言葉を尽くし、情に訴え、頭を下げても無駄であった。恨みの欠片すらない男はしかし、エドゥアールとフローラを許すつもりはまったくないのだ。
「どうぞ」
殺気を込め、剣を向けても男はあっさりしたものだった。フランソワ・ドゥ・オットー・ジョルジュがクラーラを、マクラウド・アストライア・クラストロを殺せば全軍が牙を剥いて王家に襲い掛かるだろう。
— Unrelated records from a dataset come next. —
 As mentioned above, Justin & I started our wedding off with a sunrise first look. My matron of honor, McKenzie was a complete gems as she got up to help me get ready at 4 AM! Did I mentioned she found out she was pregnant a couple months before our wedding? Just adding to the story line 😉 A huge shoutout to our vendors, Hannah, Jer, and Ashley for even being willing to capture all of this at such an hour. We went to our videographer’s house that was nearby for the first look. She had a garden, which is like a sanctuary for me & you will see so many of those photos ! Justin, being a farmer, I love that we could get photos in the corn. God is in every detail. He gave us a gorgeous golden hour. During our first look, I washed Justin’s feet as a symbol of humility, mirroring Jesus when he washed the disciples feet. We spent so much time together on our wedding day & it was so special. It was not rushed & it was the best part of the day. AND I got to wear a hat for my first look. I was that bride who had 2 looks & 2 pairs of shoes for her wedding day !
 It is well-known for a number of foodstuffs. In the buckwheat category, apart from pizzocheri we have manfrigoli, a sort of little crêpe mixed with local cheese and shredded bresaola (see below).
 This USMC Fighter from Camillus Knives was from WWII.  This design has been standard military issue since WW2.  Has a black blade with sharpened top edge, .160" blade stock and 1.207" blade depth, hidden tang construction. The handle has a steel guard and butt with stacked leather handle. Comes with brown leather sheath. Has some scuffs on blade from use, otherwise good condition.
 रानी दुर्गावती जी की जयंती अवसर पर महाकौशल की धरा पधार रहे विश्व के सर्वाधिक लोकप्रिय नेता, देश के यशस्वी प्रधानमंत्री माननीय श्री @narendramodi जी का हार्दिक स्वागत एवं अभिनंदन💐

果たして彼はどこまで計算していたのか。20年前、これを予想していたのならフランソワはマクラウドを見損なっていたことになる。王家は信頼を失い、国力は低迷し、貴族たちは国難を理解せず我が事ばかりに立ち回り、民はそんな王と貴族に失望している。唯一クラストロ公爵領だけが権勢を保っていた。沈黙を守っているのが逆に恐ろしい。いつか爆発した民衆が、クラストロに独立を求めるか、王家を打倒し公爵を王に据えようとするかもしれない。この不安定に揺れる国で、再起を図るにはマクラウドが必要だと誰もが信じている。信仰にも似た思いで待っている。
そしてフランソワには、クラーラをマクラウドに戻すことはできないのだ。
20年前を悔やむことはいつでもできる。だがこの状態を回避できたのは20年前のあの時しかなかった。フランソワは失敗を悟り、失意のまま王都を去る。
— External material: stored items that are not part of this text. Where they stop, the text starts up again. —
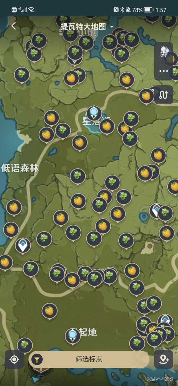 4.萃华木,在达达乌帕谷,我标记的星星的位置,上下来回刷就行了,不要忘了摘日落果,日落果是红色染料制作的重要材料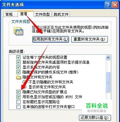 点查看——选应用到所有文件夹——取消隐藏文件类型扩展名
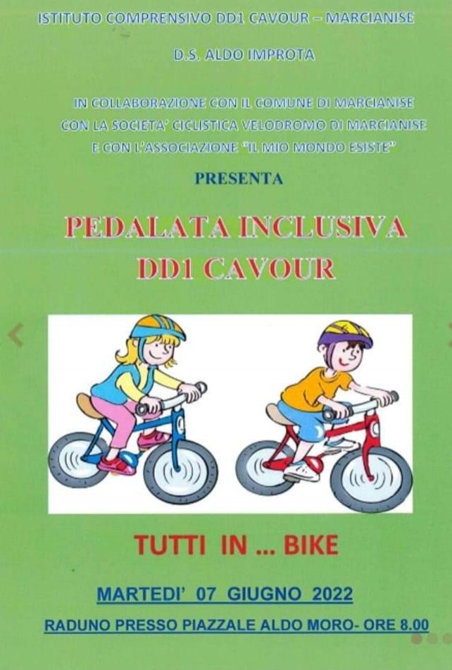 Questa mattina, martedì 7 giugno, si è svolta lungo le strade cittadine la ‘Pedalata Inclusiva’, manifestazione organizzata dall’Istituto Comprensivo DD1 Cavour, patrocinata dal Comune di Marcianise, in collaborazione con la Società Ciclistica Velodromo di Marcianise e l’Associazione ‘Il mio mondo esiste’.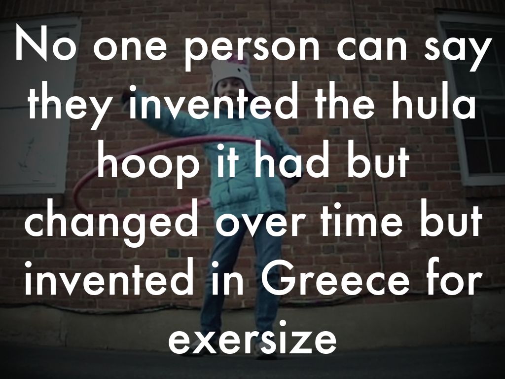 No one person can say they invented the hula hoop it had but changed over time but invented in Greece for exersize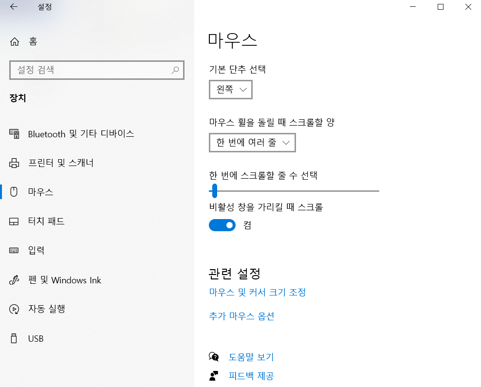 관련 설정 아래에 있는 추가 마우스 옵션 으로 들어가주자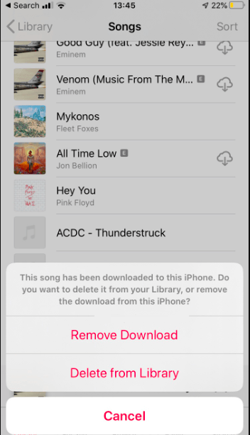 Если эта Apple Music не работает на вашем iPhone и воспроизводит только одну или две песни, вы можете просто удалить эти песни и загрузить их снова. Чтобы удалить, вы можете просто удерживать песню в своей библиотеке и из показанных вариантов выбрать меню «Удалить из библиотеки». После удаления песен повторно загрузите треки и посмотрите, сохраняется ли проблема.

彼にはもう何もできることはない。彼の息子と嫁がフランシーヌを守るために、婚約の条件として王家に認められたものが王家と彼を縛りつけた。
婚約宣誓書に記された一文には、こうあった。
『いかなる理由があろうとフランシーヌ・ドゥ・メイ・ジョルジュと第一王子アルベールとの婚約が破棄された場合、王家とジョルジュ家は婚姻による関係を今後結ばない』
フランシーヌとの婚約があのような形で破棄された以上、どの貴族も王家との婚姻は固辞するだろう。よほど頭を下げて金を積むか、野心を抱く下位貴族くらいしか相手は見つかるまい。第二王子と王女の結婚は難しくなった。
エドゥアール、フローラ、そしてフランソワ。彼らの業はこんな形で返ってきた。もっとも愛するものを道連れにする、という形で。
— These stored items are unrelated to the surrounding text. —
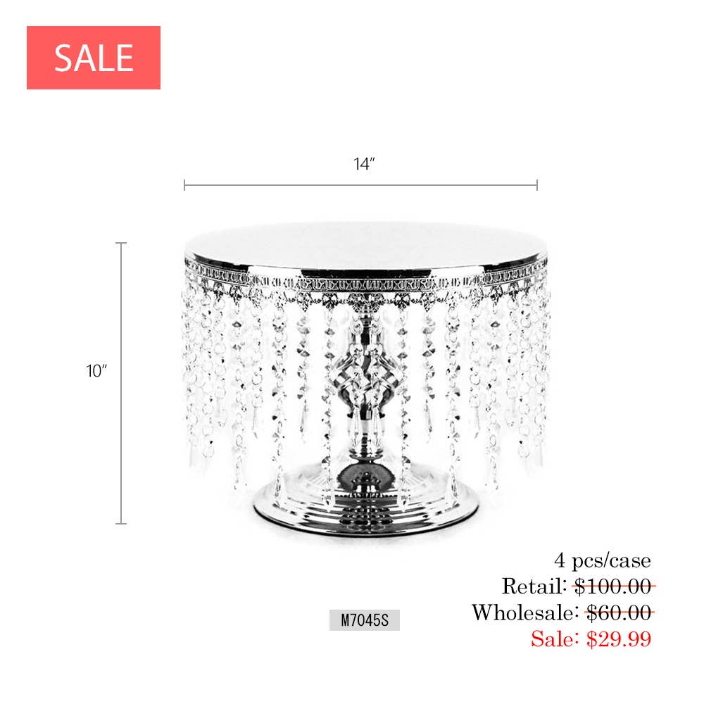 - Présentoir ou support à gâteaux à 2 niveaux en cristal - Pour gâteaux, cupcakes, pâtisseries ou hors-d'œuvre - Comprend des cristaux de qualité supérieure autour de chaque niveau ; le verre miroir recouvre la surface supérieure - Chaque niveau est orné de deux rangées de perles de cristal de qualité supérieure - Disponible en deux couleurs : Or (épuisé) et Argent - Taille : Hauteur = 14" | Diamètre du niveau supérieur = 10" | Diamètre du niveau inférieur = 16" Ce présentoir à gâteaux décoré de cristaux éblouissants expose luxueusement gâteaux et petits plats lors d'occasions somptueuses.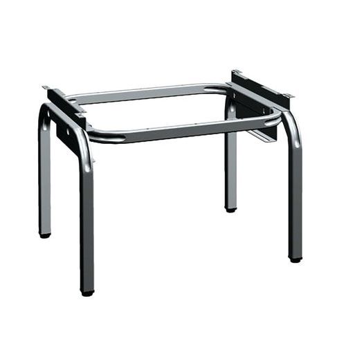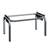 Bladloze, stalen buisvoet voor Seamline® garderobe. Poten met niet-vlekkende eindkappen, met steunen. Bladloos onderstel in gebogen stalen buis met Amerikaanse elleboog, dikte 1,5 mm: 2 dwarsstukken 30 x 30 mm en 2 langsliggers 30 x 20 mm. Voeten met vijzels: slag 20 mm.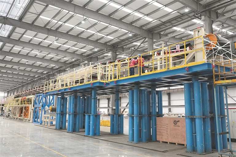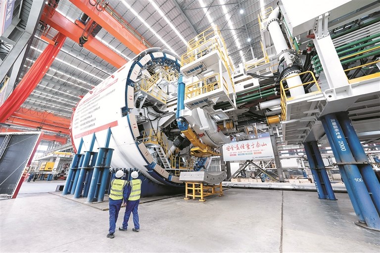 近日,国产14米级超大直径盾构机“奋楫号”在江苏南通顺利下线。图为中铁十四局监造人员对盾构机整机进行验收。 新华社发(林凤 摄)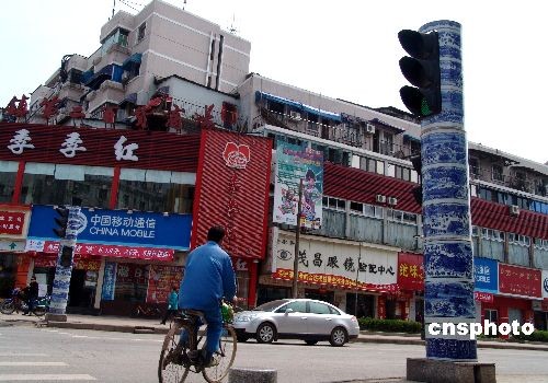 3月20日,“清明上河圖”瓷器紅綠燈亮相景德鎮(zhèn)市街頭。該燈為白底青花圖案,畫面內容是清明上河圖,直徑0.5米,高4.2米。樹立在在景德鎮(zhèn)新廠的瓷器紅綠燈不但能指揮交通,美化城市,同時正逐漸成為景德鎮(zhèn)鮮明的瓷文化標志符號之一。中新社發(fā) 石衛(wèi)明 攝

愛するフランシーヌ。ジョルジュ家の至高の花。微笑む少女の裏側で、悪魔が笑っていた。
これがおじいちゃんへのざまぁになります。地位も名誉も望まずひたすら王家に尽くしてきた前将軍は、何の罪もない(無知も罪といえますが)フランシーヌを本人も知らぬうちに不幸にしました。クラストロが背後にちらついているとなれば王家は警戒しますし、他の貴族たちも勘ぐります。彼は後悔しつづけるしかないのです。
クラーラはフランシーヌの不幸を願っていたわけではありませんが、引き受けた時点で結末は見えていました。深淵を覗き込んでるやつがいたからとりあえず背中蹴飛ばしておこう、くらいの軽い気持ちです。